For more than half a century the view that radiation represents an extreme hazard has been accepted. This book challenges that view by facing the question "How dangerous is ionising radiation?" Briefly the answer is that radiation is about a thousand times less hazardous than suggested by current safety standards. For many this will come as a surprise and then quickly raise a second question "Why are people so worried about radiation?" This is the out-of-date result of Cold War politics combined with a concern about radiation that was appropriate in an earlier age when the scientific understanding was limited.
In the book these answers are explained in accessible language and related directly to modern scientific evidence and understanding, for instance the high levels of radiation used to the benefit of health in every major hospital. Four facts illustrate the need for a new understanding.
1. The radiation levels in the nuclear waste storage hall at Sellafield, UK are so low (1 micro-sievert per hour) that anyone would have to stay there for a million hours to receive the same dose that any patient on a course of radiotherapy treatment receives to their healthy tissue in a single day (1 sievert or gray).
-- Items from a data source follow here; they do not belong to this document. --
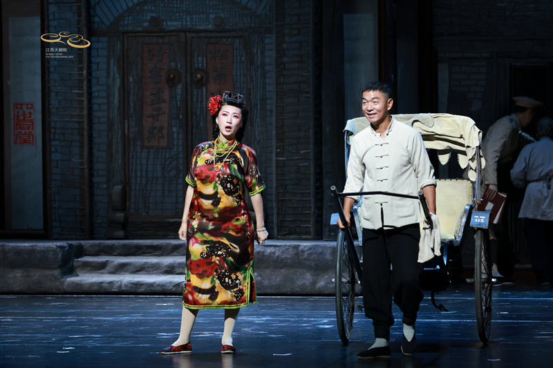 导演田沁鑫曾在采访中直言:“将85万字的原著压缩成两三万字的话剧剧本,一开始对我简直是不可能完成的任务。”为了在三个小时的有限时间里,将原著中乱世流离下的人情冷暖展现出来,导演田沁鑫选择采用“新现实主义”的表现手法,将多媒体技术和写实风格的舞台置景相结合,营造出独特的戏剧观影效果。小羊圈胡同中间是一个群体性社交的公共空间,通过演员们的推景和移步来完成环境场景的变化,让整个叠化的舞台行云流水一般丝滑。而那辆小洋车不但在场景转化中担当重任,还成为见证主要角色命运发展的叙述者和线索。
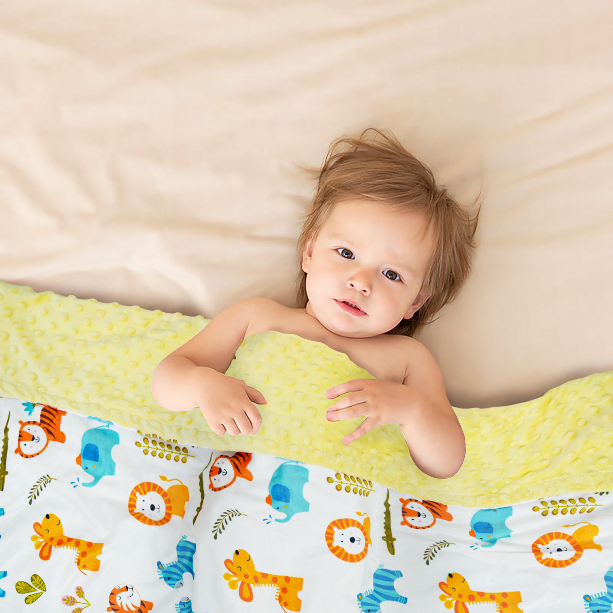 布料柔软,色泽饱满舒服又环保,不皱不扎手,使用更舒心的一条宝宝安抚毯子
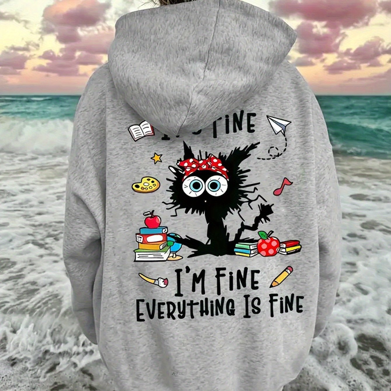 Women's Casual Hoodie with Geometric & Letter Print - Drawstring, Long Sleeve Pullover for Fall/Winter, Machine Washable
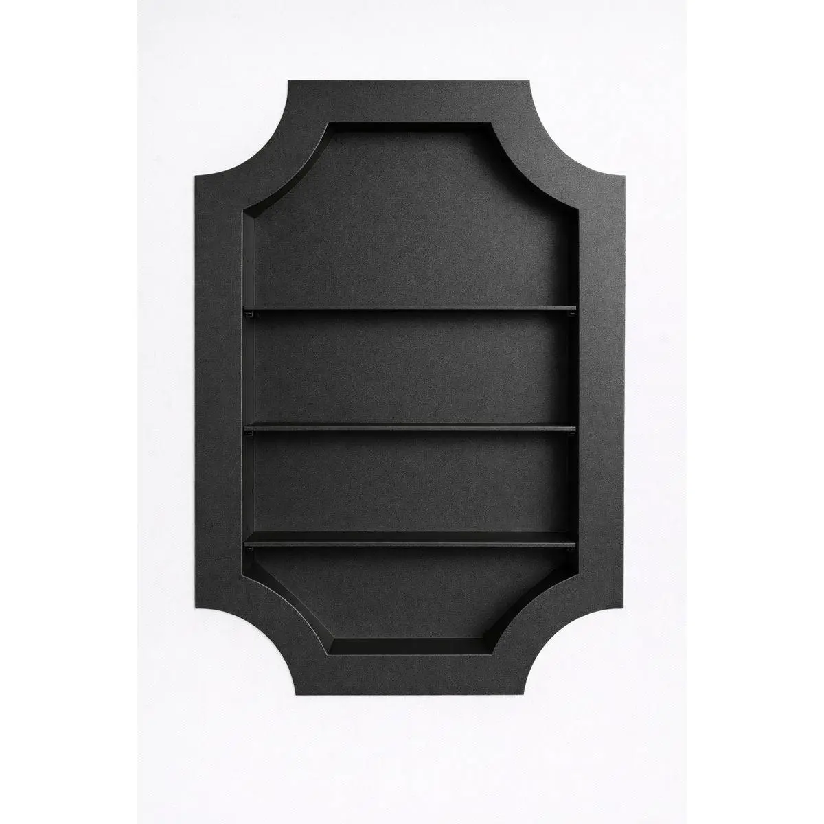 Crafted from precision-welded steel and finished in your powder-coat of choice, The Crest introduces a deliberate material contrast, allowing it to read as an inserted architectural element rather than a continuation of the wall. Designed to fit cleanly between standard studs, it transforms unused wall cavities into purposeful design moments, with optional, adjustable shelving and the ability to incorporate custom wallpaper or specialty backdrops—an elevated detail that allows each piece to be tailored to its setting, adding depth, texture, and a distinctly bespoke finish.
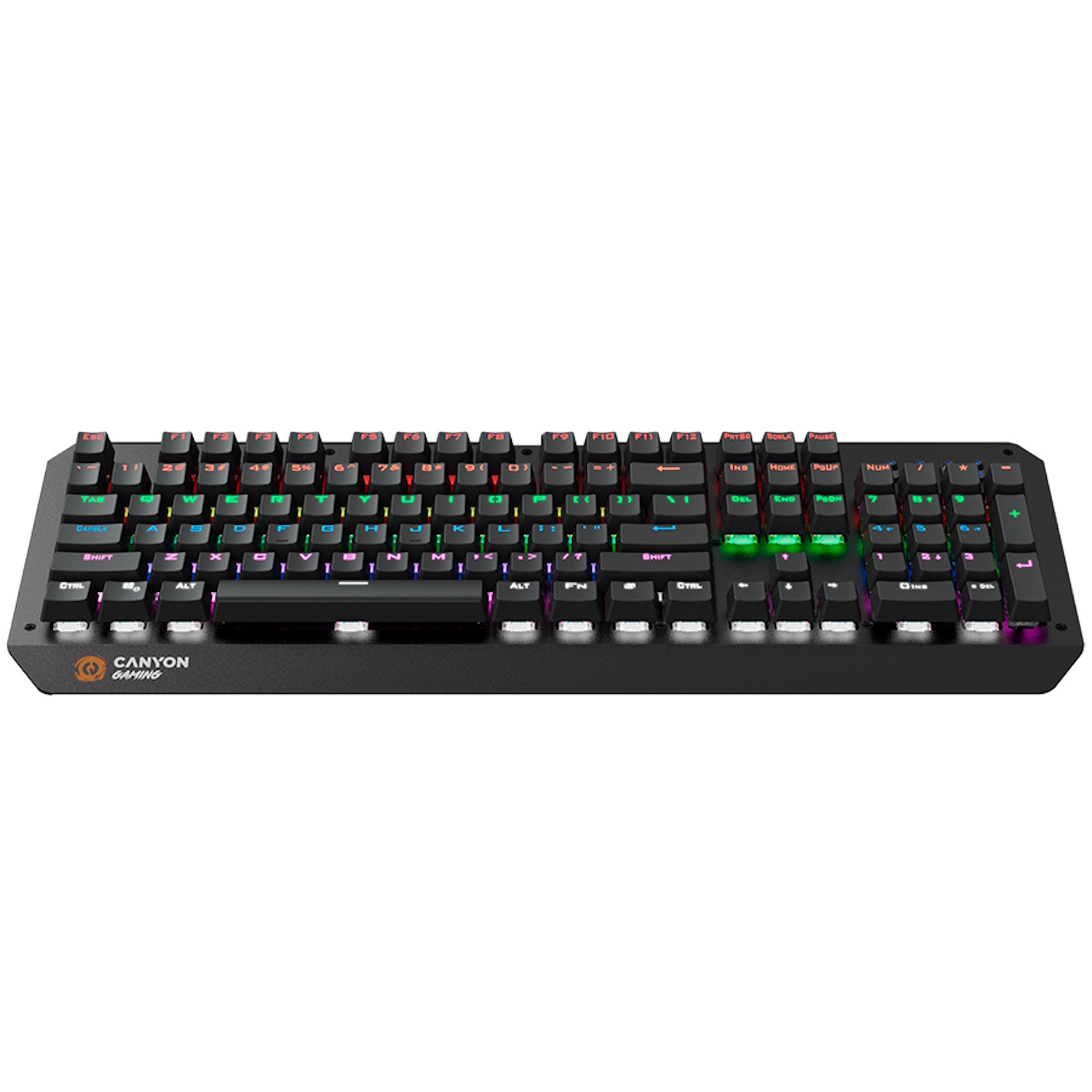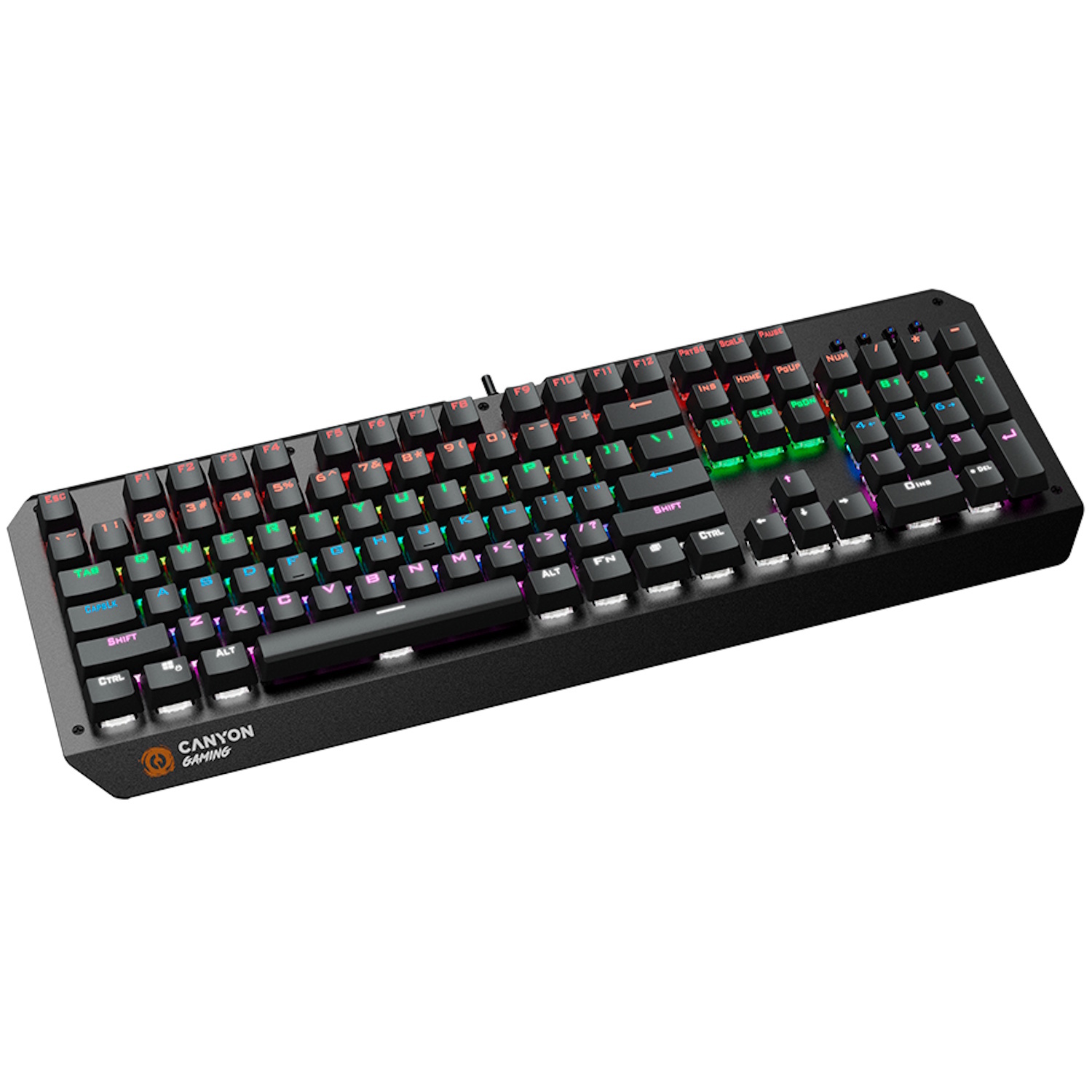 Canyon Hazard GK-6 (CND-SKB6-RU) ir pilna izmēra vadu mehāniskā spēļu klaviatūra ar 104 taustiņiem un RGB apgaismojumu, kas paredzēta precīzai un dinamiskai vadībai spēlēs. Mehāniskie Blue switch slēdži nodrošina izteiktu klikšķa sajūtu un ātru atgriezenisko saiti, padarot to piemērotu gan spēlēšanai, gan rakstīšanai. Stabils USB savienojums un klasisks melns dizains papildina uzticamu ikdienas lietošanas pieredzi.

2. The radiation dose experienced by the survivors of the Hiroshima and Nagasaki bombs caused 0.6% to die of radiation-induced cancer between 1950 and 2000, that is about 1/20 of the chance of dying of cancer anyway and less than the chance of being killed on US highways in that period.
3. The wildlife at Chernobyl today is reported to be thriving, despite being radioactive.
4. The mortality of UK radiation workers before age 85 from all cancers is 15-20% lower than comparable groups.
The case for a complete change in attitude towards radiation safety is unrelated to the effects of climate change. But the realisation that radiation and nuclear energy are much safer than is usually supposed is of extreme importance to the current discussion of alternatives to fossil fuels and their relative costs.